Para entrar donde su vecina, relájese y disfrute del espectáculo: el bloque de hielo verde, naranja y marrón descongelándose imperceptiblemente, como un iglú, en ingredientes de color, forma y textura diferenciados, envueltos por una neblina suave que se desliza como el lazo de un regalo. Aprecie bien las cualidades poéticas de la comida preparada; saboréelas profundamente, porque las culinarias lo decepcionarán. Golpee con una cuchara o un tenedor el pedrusco verde que no quiere derretirse. Prepárese un combinado de ron con cola para calmarse y acompañar la velada. Ofrézcale uno a su compañero, haga el favor.

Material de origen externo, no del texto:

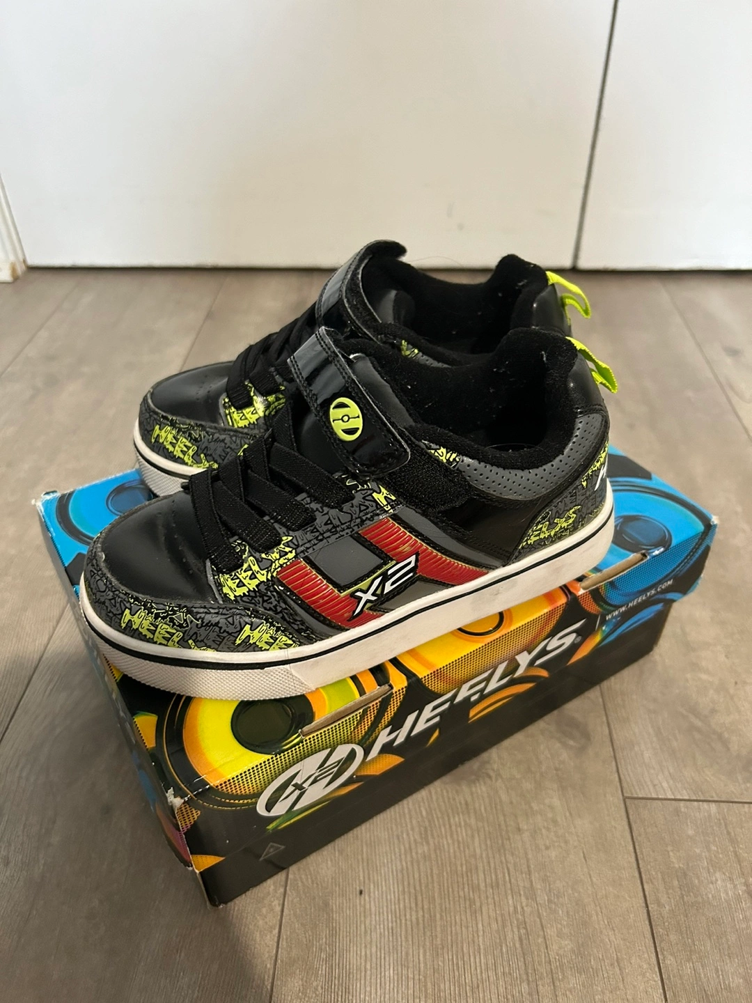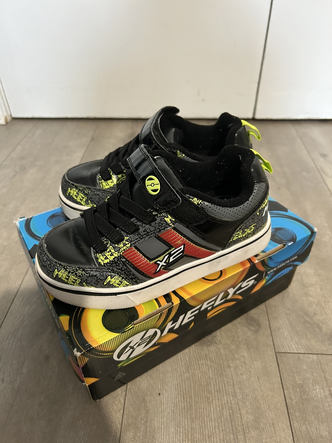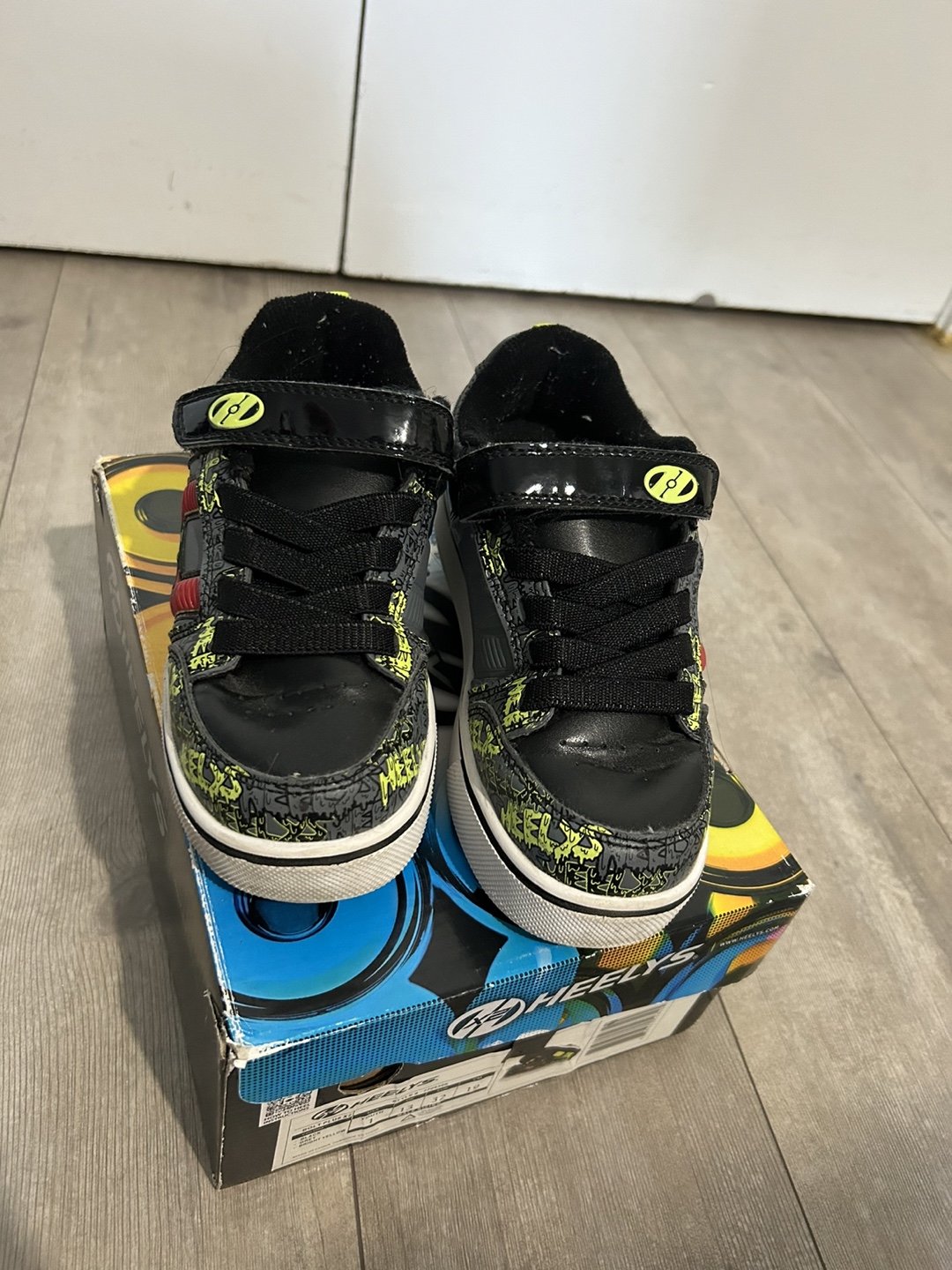 Heelys X2 kids' sneakers. Black with graffiti print. Size 11. Velcro and lace closure. Good condition.

Para irrumpir sin cita previa en el hogar de su vecina, abra la puerta de entrada de su piso (el de usted y su compañero de inmueble, no el de ella) y deje que corra el aire. Siéntense usted y su compañero en el comedor, junto a la puerta recién abierta, y disfruten del fresco hasta que la cena esté descongelada y caliente. Contemplen, despatarrados, cómo la silueta de la gata Berta se asoma asustadiza por la puerta, cual exploradora, y se despatarra en el rellano. (¡Qué lamentable, el triple despatarramiento cotidiano!)
Para lo del piso de su vecina, vaya a la cocina y traiga la cena. Coman de una vez. Hablen, comenten sus respectivas jornadas con la boca llena. Ríanse al comprobar que, cuanto más diferentes son los colores de los ingredientes, más parecido es su sabor. Ríanse con las bocas bien abiertas, mostrando unas dentaduras llenas de caries verdes —o pa'luegos— que aún los hacen reír más. Ríanse con fuerza, ríanse porque sus risas retumban en las escaleras. Ríanse hasta que su compañero de piso pregunte de repente dónde está Berta la gata y usted recorra, ya sin reírse, todas las habitaciones en su búsqueda, escudriñando los escondrijos habituales y poniéndose cada vez más nervioso al verlos llenos de pelo pero vacíos de gata. Baje entonces corriendo por las escaleras —esos pliegues del suelo— uno, dos pisos, recuerde que va sin camiseta pero afortunadamente con pantalones, siga bajando el tercer, el cuarto y el quinto piso para no encontrar a Berta la gata por ninguna parte, y salga finalmente a la calle, sudoroso y asustado, y grite su nombre con deje cinematográfico. Compruebe la nula atención que prestan los transeúntes a sus lamentos: habituados a escándalos más espectaculares, la fuga de una amante no es nada. Llame por el interfono a su piso y compruebe que su compañero de inmueble no ha encontrado la gata. Vuelva a subir uno, dos pisos, y crúcese, por fin, con la vecina asomada al umbral, filipina y chaparruda como una patata, con una nariz chata como una patata, con unos pechos que deben de saber a tortilla de patatas, como los de Penélope Cruz en Jamón, jamón, y con unas manos, de dedos rechonchos como una patata, que le indican que pase, que sí, que la gata está en su casa, y salve de una vez a Berta, escondida debajo de la cama de su vecina.
Nada ablanda más corazones y abre más puertas que la vieja técnica de la gata huidiza.